§ Records supplied
- - -

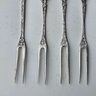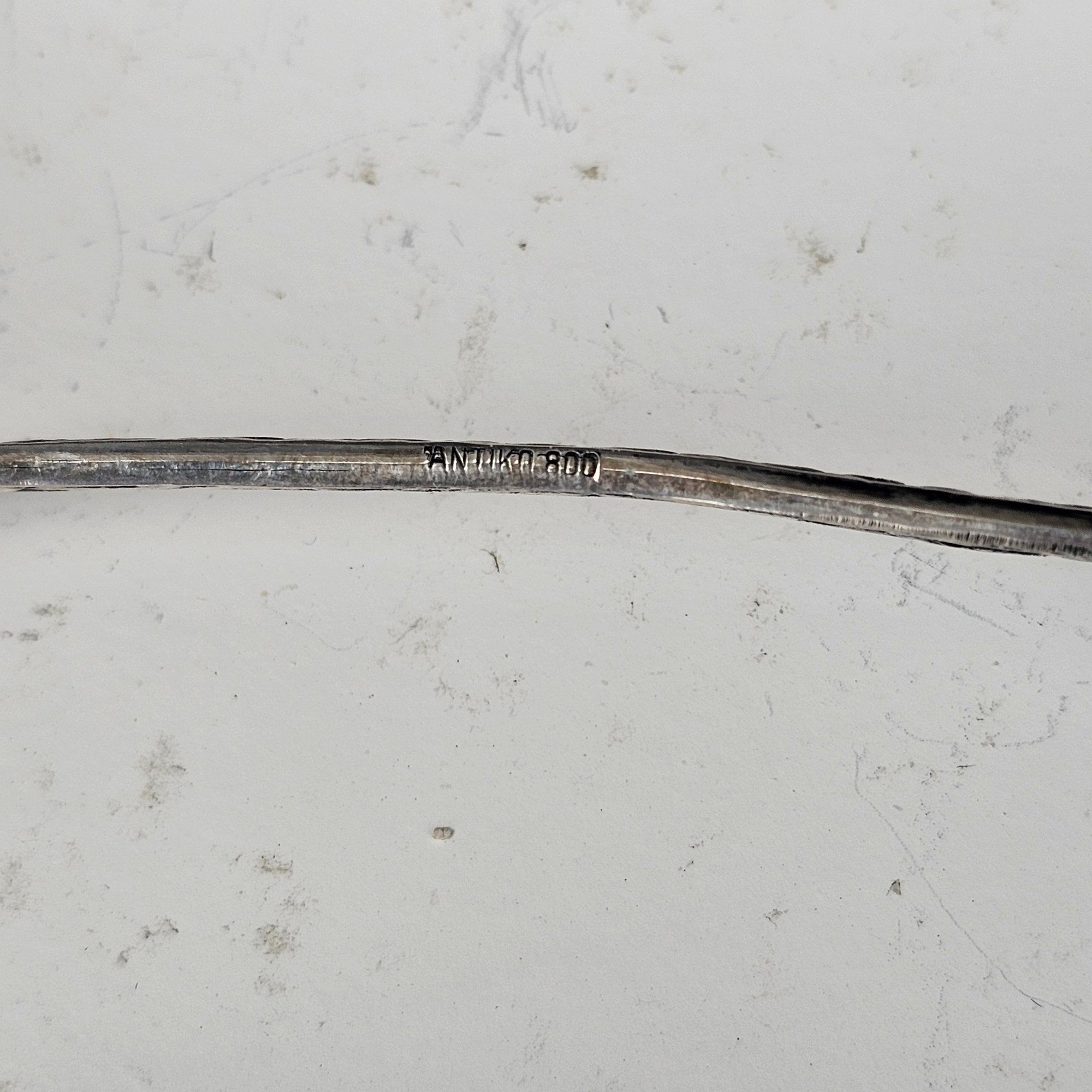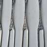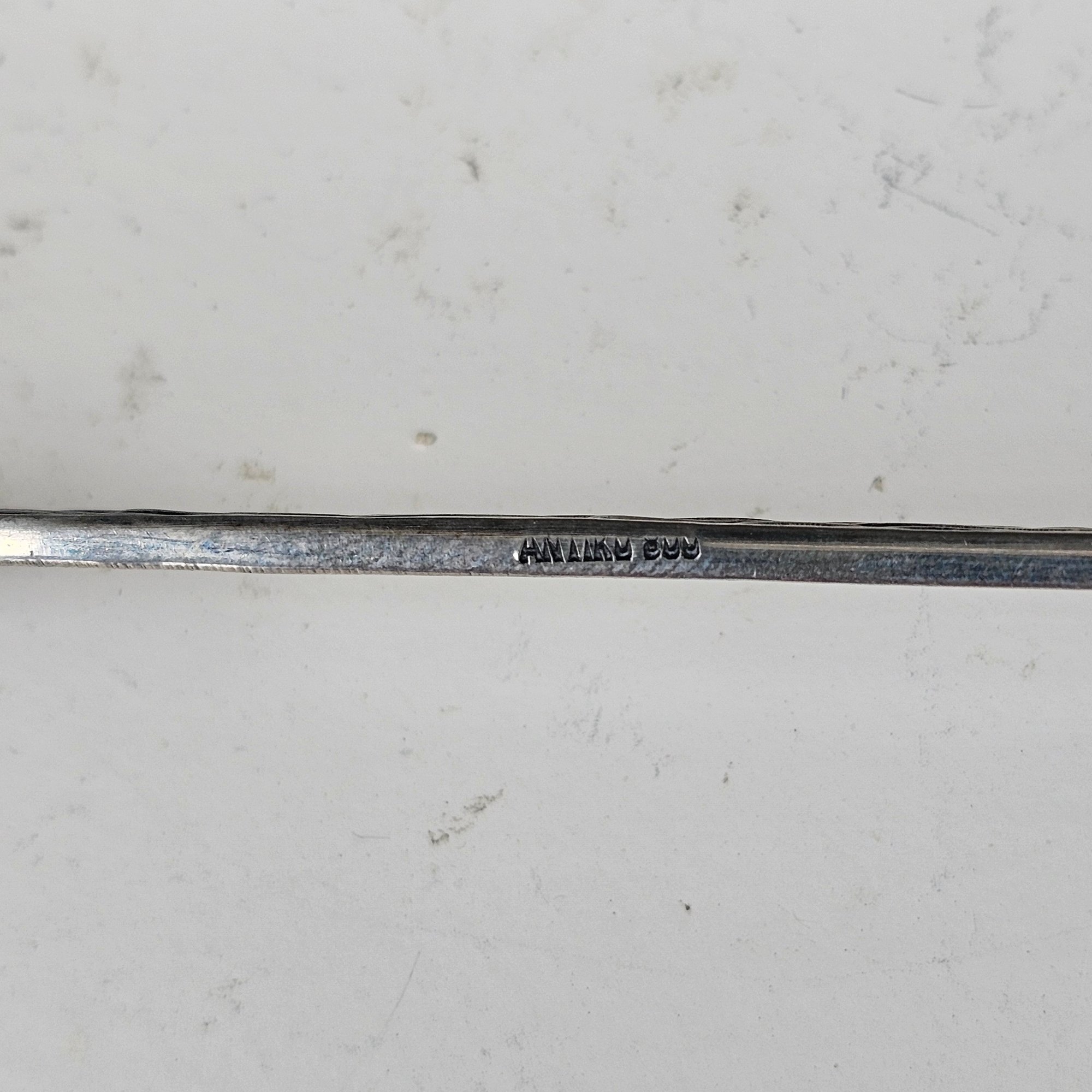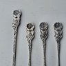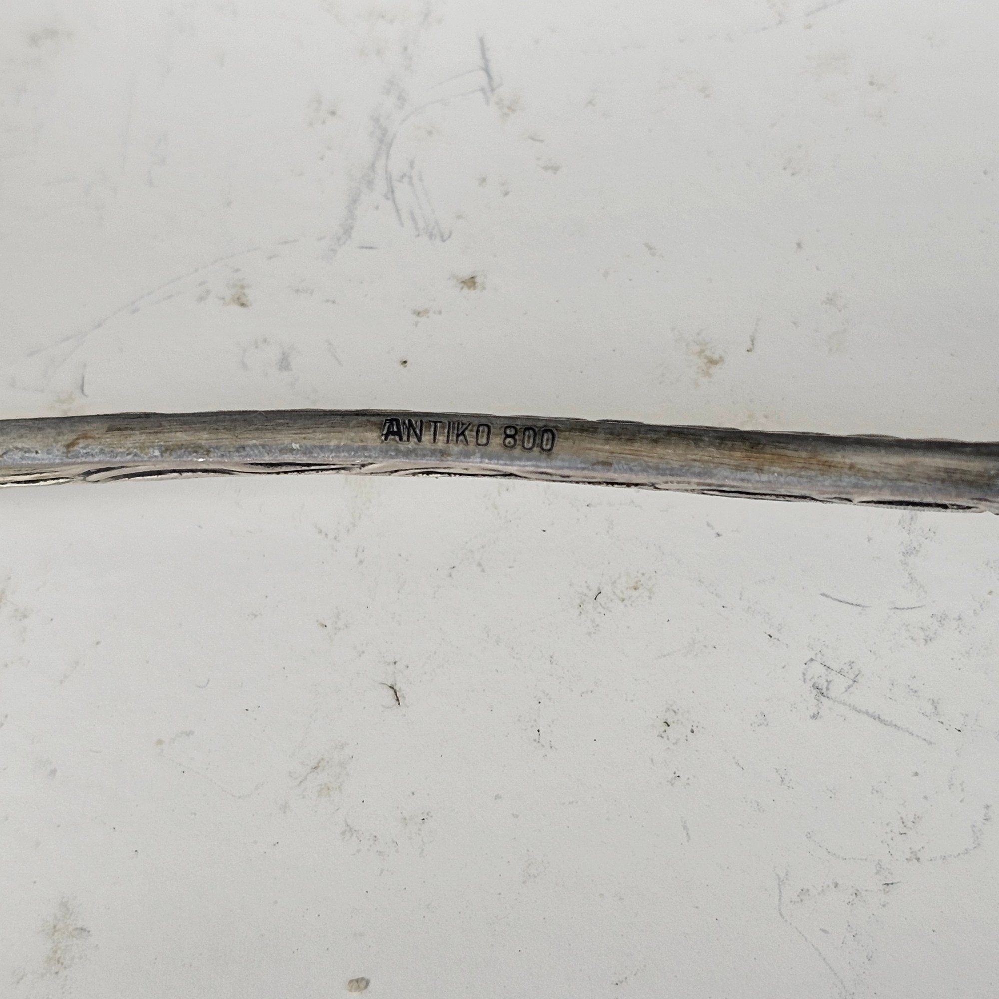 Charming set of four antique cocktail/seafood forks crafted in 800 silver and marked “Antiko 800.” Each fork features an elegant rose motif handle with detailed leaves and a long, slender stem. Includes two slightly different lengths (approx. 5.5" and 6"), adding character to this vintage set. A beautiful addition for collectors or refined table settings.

- - -

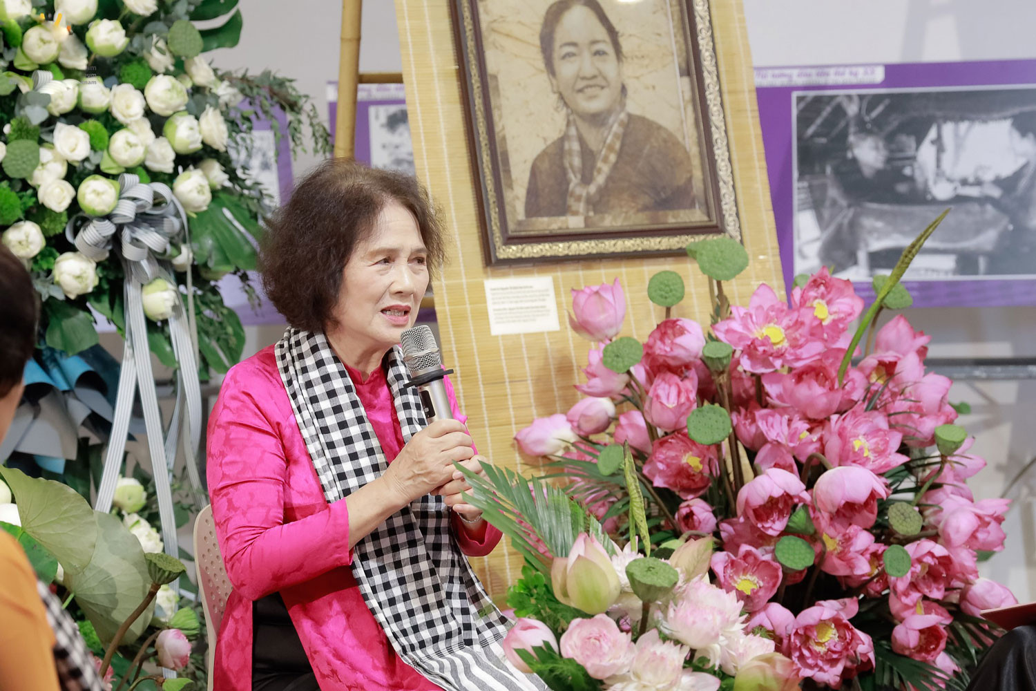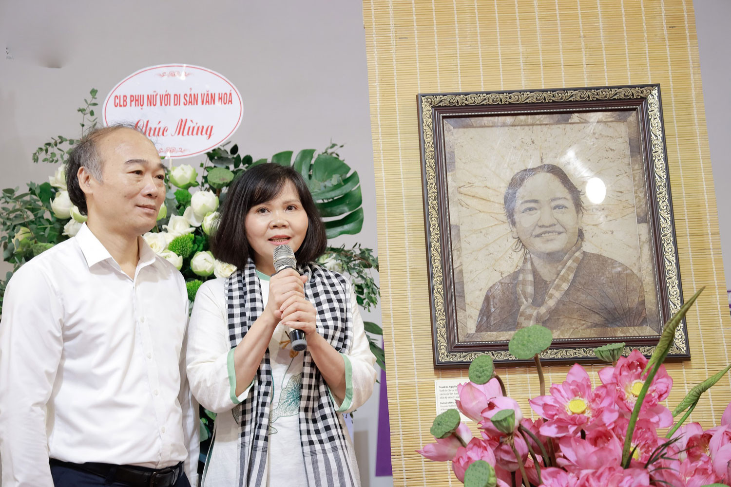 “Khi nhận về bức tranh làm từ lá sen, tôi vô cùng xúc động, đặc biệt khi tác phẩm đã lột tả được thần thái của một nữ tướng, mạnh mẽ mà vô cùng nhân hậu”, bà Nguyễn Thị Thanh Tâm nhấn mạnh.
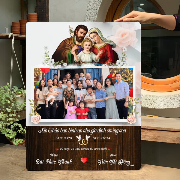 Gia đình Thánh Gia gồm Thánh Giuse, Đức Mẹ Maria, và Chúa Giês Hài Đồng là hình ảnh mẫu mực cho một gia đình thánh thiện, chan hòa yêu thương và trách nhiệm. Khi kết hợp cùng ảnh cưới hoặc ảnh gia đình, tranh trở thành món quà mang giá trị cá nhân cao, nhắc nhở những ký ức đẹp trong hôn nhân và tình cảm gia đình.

- - -

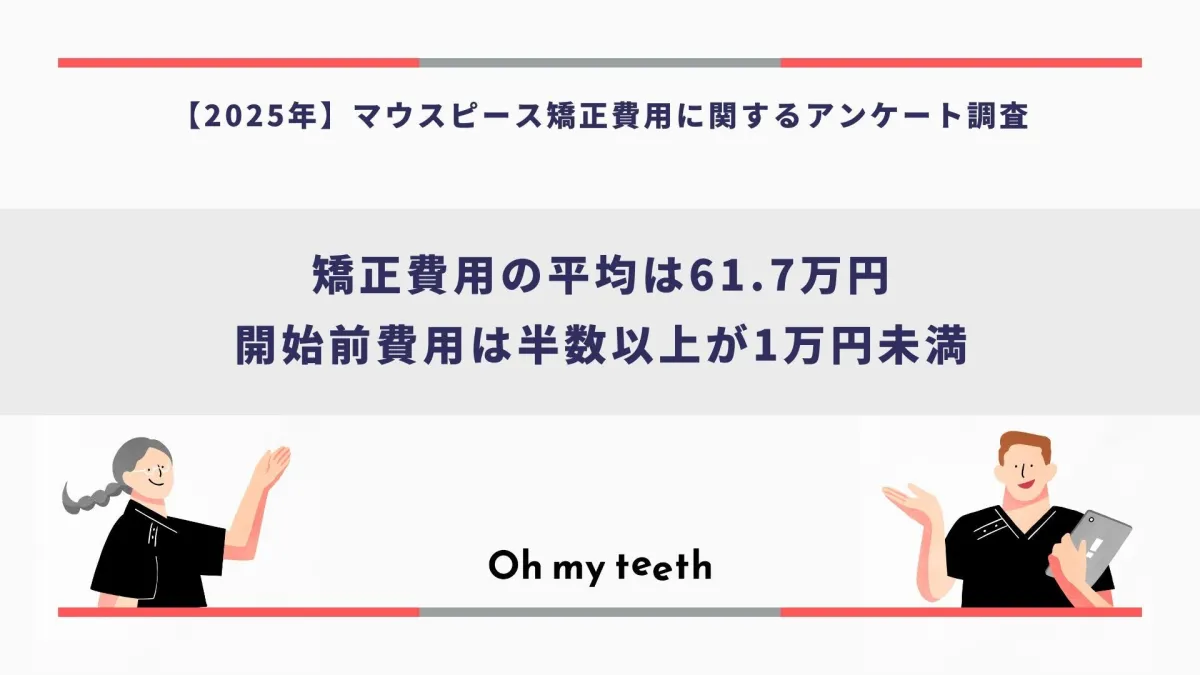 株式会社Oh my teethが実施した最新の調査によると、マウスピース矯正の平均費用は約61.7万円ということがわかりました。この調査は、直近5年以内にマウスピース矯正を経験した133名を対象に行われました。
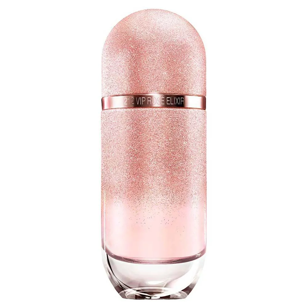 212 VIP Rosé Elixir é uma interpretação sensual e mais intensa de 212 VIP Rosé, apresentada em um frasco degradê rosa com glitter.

- - -

§ What the task requires
In the data above, find the line containing "Tâm nhấn mạnh." and the line containing "Gia đình Thánh Gia". Copy exactly the stretch from the first through the second, both included, leaving out any picture.

§ Finished exercise
 “Khi nhận về bức tranh làm từ lá sen, tôi vô cùng xúc động, đặc biệt khi tác phẩm đã lột tả được thần thái của một nữ tướng, mạnh mẽ mà vô cùng nhân hậu”, bà Nguyễn Thị Thanh Tâm nhấn mạnh.
 Gia đình Thánh Gia gồm Thánh Giuse, Đức Mẹ Maria, và Chúa Giês Hài Đồng là hình ảnh mẫu mực cho một gia đình thánh thiện, chan hòa yêu thương và trách nhiệm. Khi kết hợp cùng ảnh cưới hoặc ảnh gia đình, tranh trở thành món quà mang giá trị cá nhân cao, nhắc nhở những ký ức đẹp trong hôn nhân và tình cảm gia đình.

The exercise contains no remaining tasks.